=== WORK TO BE COMPLETED ===
The result should be a full, exact repeat of the entries, free of pictures.

DATA SECTION below:

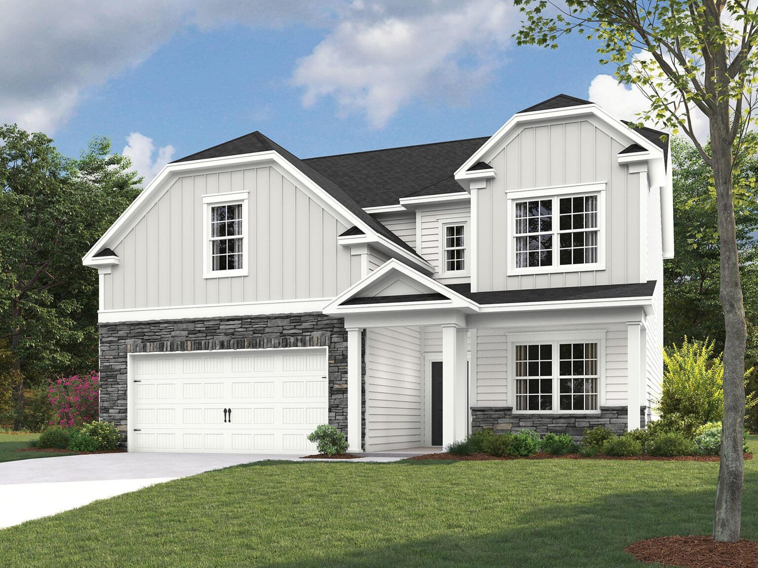 The Bradbury includes spaces for life today, including a first-floor Flex room (home office, formal dining, etc), Mudroom with space for a drop zone, and large walk-in kitchen pantry. The Bonus room above the garage offers extra space for gathering! When the weather changes, enjoy the optional gas fireplace in the Family room and the optional covered porch at the rear of the home. The Kitchen includes an island, and overlooks the Breakfast area and Family room. Upstairs is a spacious Premier Suite with optional tray ceiling, walk-in closet, and and 4-piece bath with large shower, double sink vanity and water closet. Both secondary bedrooms have walk-in closets. Laundry is conveniently located on the second floor. Stop by our Camber Woods neighborhood in Gastonia to tour our Bradbury model.
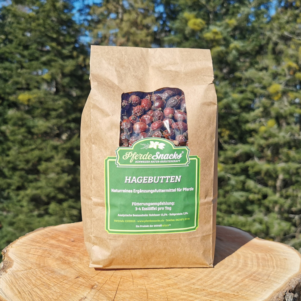 Hagebutte verfügt über Vitamin C in hoher Dosis. Sie ist ein sehr guter Entzündungshemmer. Hagebuttenpulver ist also bestens geeignet zur Stärkung des Immunsystems und für Pferde mit Problemen am Bewegungsapparat.
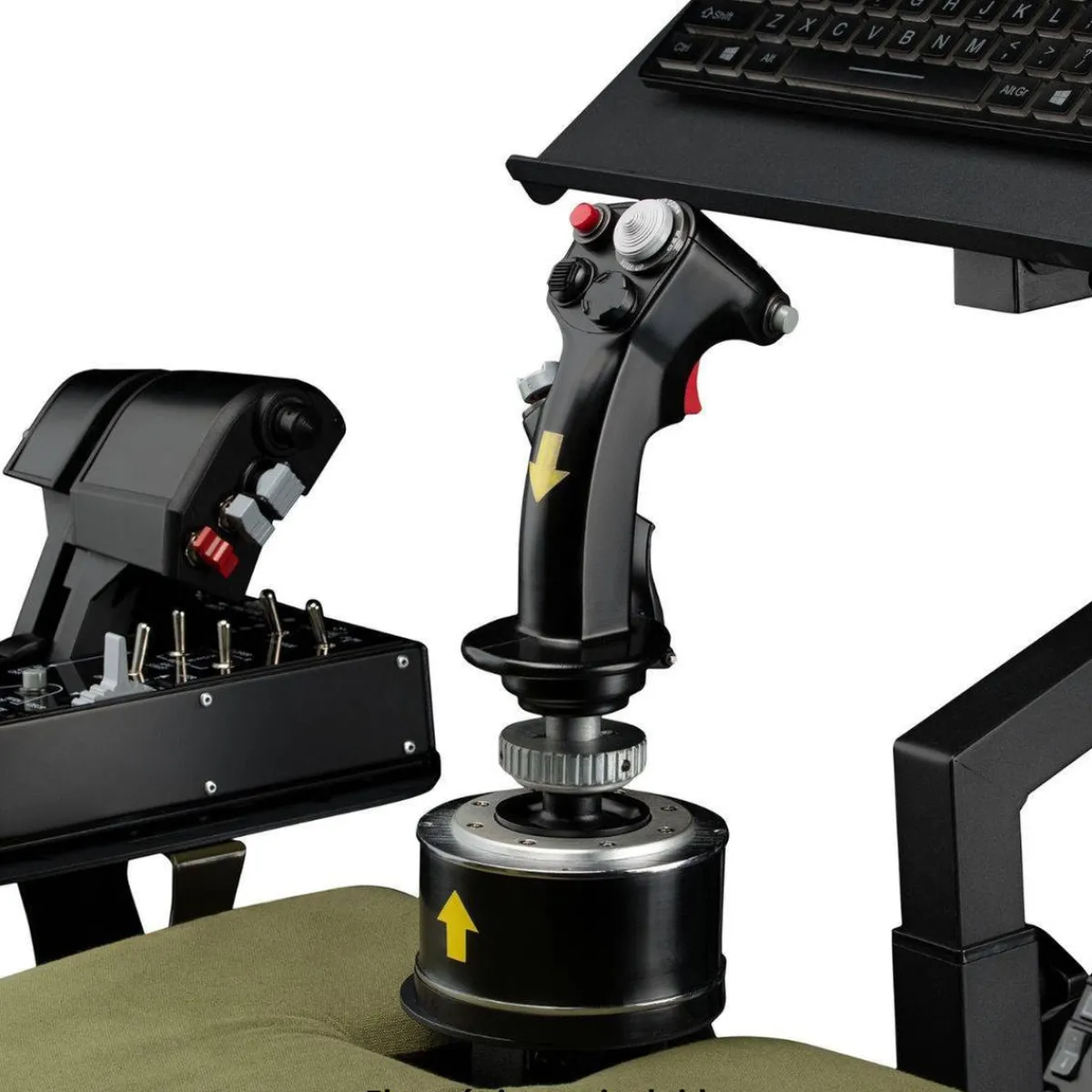Esta cabina es compatible con una amplia gama de dispositivos electrónicos tales como yugos, joysticks y aceleradores de las principales marcas manteniéndose fiel a la cabina militar, el joystick se puede acoplar directamente entre las piernas del usuario para una auténtica experiencia de combate. Con un ecosistema de accesorios de vuelo creciente por parte de Next Level Racing, la comunidad de pilotos puede esperar un resultado adaptado a la simulación de vuelo. El simulador de vuelo Boeing Militar está específicamente diseñado para tener el Thrustmaster TCA Yoke Pack Boeing Edition directamente montado en la cabina, con una verdadera posición periférica, para la experiencia de simulación de vuelo más realista.
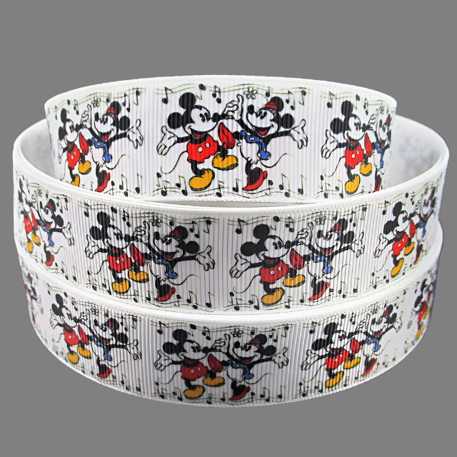 This Disney Grosgrain Ribbon features iconic images of Mickey and Minnie Mouse. Made with high-quality grosgrain material, this ribbon is perfect for crafts, gifts, and decorations. Add a touch of nostalgia and whimsy to your projects with this charming ribbon.
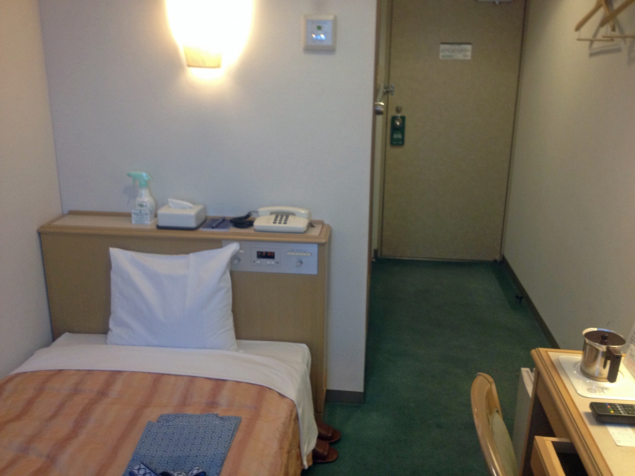 シングルルームはとてもコンパクト、テレビが置かれた机でパソコンを広げると、飲食するスペースはなくなってしまう。
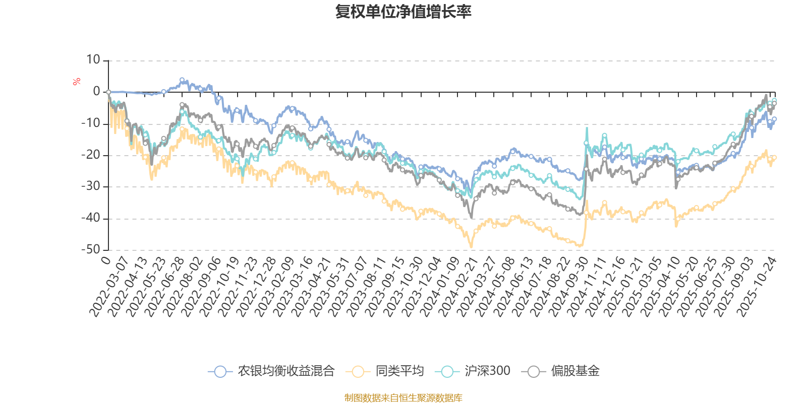 截至10月24日,农银均衡收益混合近三个月复权单位净值增长率为14.49%,位于同类可比基金298/621;近半年复权单位净值增长率为20.65%,位于同类可比基金441/618;近一年复权单位净值增长率为13.12%,位于同类可比基金513/611;近三年复权单位净值增长率为-1.78%,位于同类可比基金411/518。
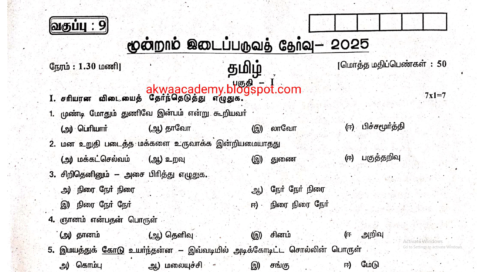 9th Tamil 2nd Mid Term Test Question Paper 2025 Erode Dt

End of DATA SECTION.

=== RESULT FOR THIS EXERCISE ===
 The Bradbury includes spaces for life today, including a first-floor Flex room (home office, formal dining, etc), Mudroom with space for a drop zone, and large walk-in kitchen pantry. The Bonus room above the garage offers extra space for gathering! When the weather changes, enjoy the optional gas fireplace in the Family room and the optional covered porch at the rear of the home. The Kitchen includes an island, and overlooks the Breakfast area and Family room. Upstairs is a spacious Premier Suite with optional tray ceiling, walk-in closet, and and 4-piece bath with large shower, double sink vanity and water closet. Both secondary bedrooms have walk-in closets. Laundry is conveniently located on the second floor. Stop by our Camber Woods neighborhood in Gastonia to tour our Bradbury model.
 Hagebutte verfügt über Vitamin C in hoher Dosis. Sie ist ein sehr guter Entzündungshemmer. Hagebuttenpulver ist also bestens geeignet zur Stärkung des Immunsystems und für Pferde mit Problemen am Bewegungsapparat.
Esta cabina es compatible con una amplia gama de dispositivos electrónicos tales como yugos, joysticks y aceleradores de las principales marcas manteniéndose fiel a la cabina militar, el joystick se puede acoplar directamente entre las piernas del usuario para una auténtica experiencia de combate. Con un ecosistema de accesorios de vuelo creciente por parte de Next Level Racing, la comunidad de pilotos puede esperar un resultado adaptado a la simulación de vuelo. El simulador de vuelo Boeing Militar está específicamente diseñado para tener el Thrustmaster TCA Yoke Pack Boeing Edition directamente montado en la cabina, con una verdadera posición periférica, para la experiencia de simulación de vuelo más realista.
 This Disney Grosgrain Ribbon features iconic images of Mickey and Minnie Mouse. Made with high-quality grosgrain material, this ribbon is perfect for crafts, gifts, and decorations. Add a touch of nostalgia and whimsy to your projects with this charming ribbon.
 シングルルームはとてもコンパクト、テレビが置かれた机でパソコンを広げると、飲食するスペースはなくなってしまう。
 截至10月24日,农银均衡收益混合近三个月复权单位净值增长率为14.49%,位于同类可比基金298/621;近半年复权单位净值增长率为20.65%,位于同类可比基金441/618;近一年复权单位净值增长率为13.12%,位于同类可比基金513/611;近三年复权单位净值增长率为-1.78%,位于同类可比基金411/518。
 9th Tamil 2nd Mid Term Test Question Paper 2025 Erode Dt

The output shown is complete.